▸ **HOW TO COMPLETE THIS TASK**
Only certain lines below are wanted: those starting at the line containing "Unregelmäßige Quadrate und" and ending at the line containing "The system is", both included, each retyped exactly.

----- INPUT FOR THIS TASK -----

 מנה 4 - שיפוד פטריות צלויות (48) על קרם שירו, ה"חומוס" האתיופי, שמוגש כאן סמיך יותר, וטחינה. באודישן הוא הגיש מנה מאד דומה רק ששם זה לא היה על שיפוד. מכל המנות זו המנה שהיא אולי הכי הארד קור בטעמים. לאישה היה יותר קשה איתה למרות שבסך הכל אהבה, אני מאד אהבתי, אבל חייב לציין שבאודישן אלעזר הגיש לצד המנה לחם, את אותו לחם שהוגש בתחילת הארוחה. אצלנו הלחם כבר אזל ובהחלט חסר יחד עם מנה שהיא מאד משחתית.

-----
----- INPUT FOR THIS TASK -----

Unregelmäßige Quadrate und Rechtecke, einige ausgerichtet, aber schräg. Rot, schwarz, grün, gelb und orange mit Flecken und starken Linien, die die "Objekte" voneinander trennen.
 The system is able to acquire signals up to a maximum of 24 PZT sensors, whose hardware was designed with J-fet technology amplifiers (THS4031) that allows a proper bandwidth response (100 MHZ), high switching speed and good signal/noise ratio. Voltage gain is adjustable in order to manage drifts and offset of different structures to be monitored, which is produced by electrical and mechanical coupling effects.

-----
----- INPUT FOR THIS TASK -----

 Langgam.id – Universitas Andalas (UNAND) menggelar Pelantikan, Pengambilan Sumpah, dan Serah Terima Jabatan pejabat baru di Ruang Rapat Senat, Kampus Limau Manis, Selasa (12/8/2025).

-----

▸ **RESULT FOR THIS EXERCISE**
Unregelmäßige Quadrate und Rechtecke, einige ausgerichtet, aber schräg. Rot, schwarz, grün, gelb und orange mit Flecken und starken Linien, die die "Objekte" voneinander trennen.
 The system is able to acquire signals up to a maximum of 24 PZT sensors, whose hardware was designed with J-fet technology amplifiers (THS4031) that allows a proper bandwidth response (100 MHZ), high switching speed and good signal/noise ratio. Voltage gain is adjustable in order to manage drifts and offset of different structures to be monitored, which is produced by electrical and mechanical coupling effects.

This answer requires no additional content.